Now then: if in the judgment of the world as to classification of literary works ; if in the judgment of the world as to the moral potency of classical works; if in the judgment of the world as to personal influence, the unconscious is the determining factor, may we not find here an answer to the question before us? Is not the presence of the ideal the test of immortal literary work? Is it not true also that the extent with which the eternal and unseen verity is interwoven with the actual as depicted rather than the intent of the human writer, determines the moral content of the work? Is it not true that if the moral oxygen vivifies it, the work is immortal ?

But the moral is not always the didactic and the writer need not be a preacher. In fact, commonly in just such measure as the human preacher intrudes, by just so much is the divine in art clouded. If it does so intrude, the effect is apt to be that we characterize the work as good or bad but straightway forget all about its moral purport.

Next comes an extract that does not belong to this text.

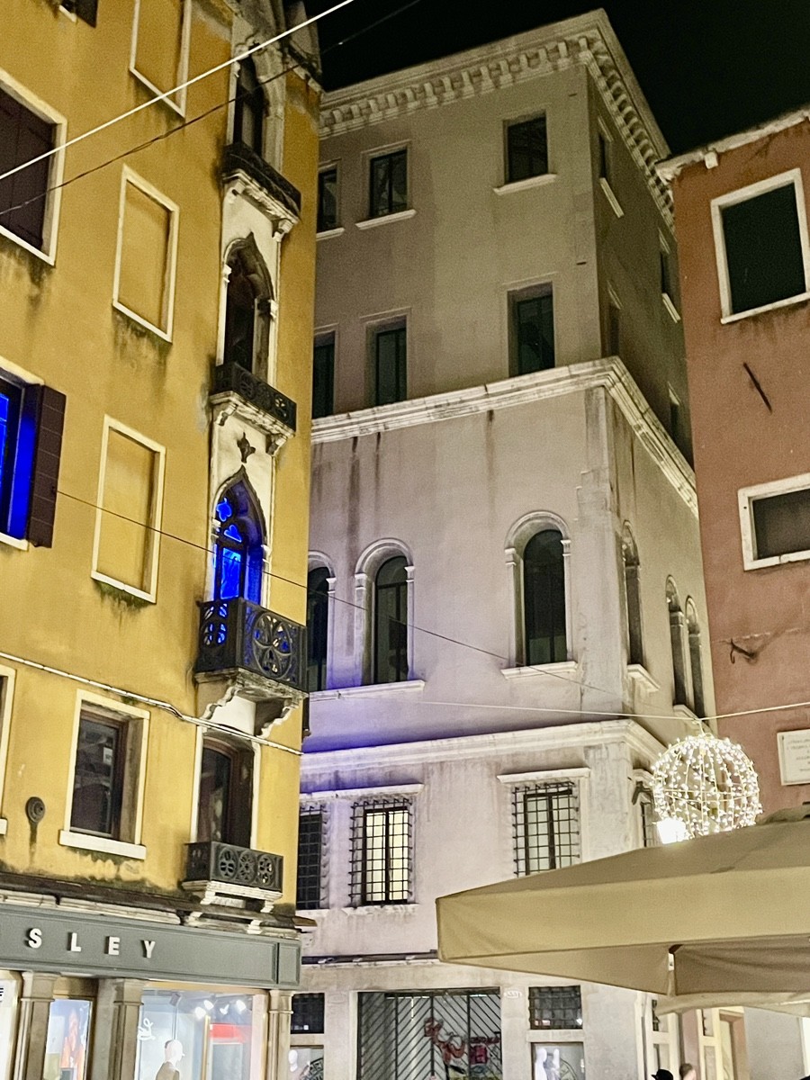 Путь ведет нас к площади Сан-Марко, которая в сезон фестиваля превращается в мистический театр. Но мы уходим от толпы вглубь, к району Сан-Лука. Здесь, у театра Гольдони и здания H&M (Palazzo Nervi-Scattolin), мы ловим тот самый контраст, который так ценил Гёте: ренессансная резьба акантом на фасадах встречается с модернизмом XX века. Мы идем по следам «немецкого купца Мёллера» (инкогнито великого поэта) через Калле дель Лово — «Волчью улицу», где в створе домов вдруг вспыхивает шпиль колокольни.

And indeed, if in the theory Mr. Lanier appears to controvert these positions, in the discussion of the theory as applied to the example he supports them. For instance take his fine analysis of the scientifico-moral attitude of M. Zola. You should read the whole argument. It is so complete and exhaustive that in alluding to it one fears lest he may do it less than justice. Yet it is not unfair to say that as you read it the conviction grows upon you, as Mr. Lanier meant it should grow upon you, that M. Zola's vision is bounded by the human, that the absence of the ideal is its fatal defect, and that it is not only with epigram. matic incisiveness but also with simple truthfulness that Mr. Lanier pronounces this crushing verdict on M. Zola : "The hand is the hand of science; but the voice is the voice of a beast."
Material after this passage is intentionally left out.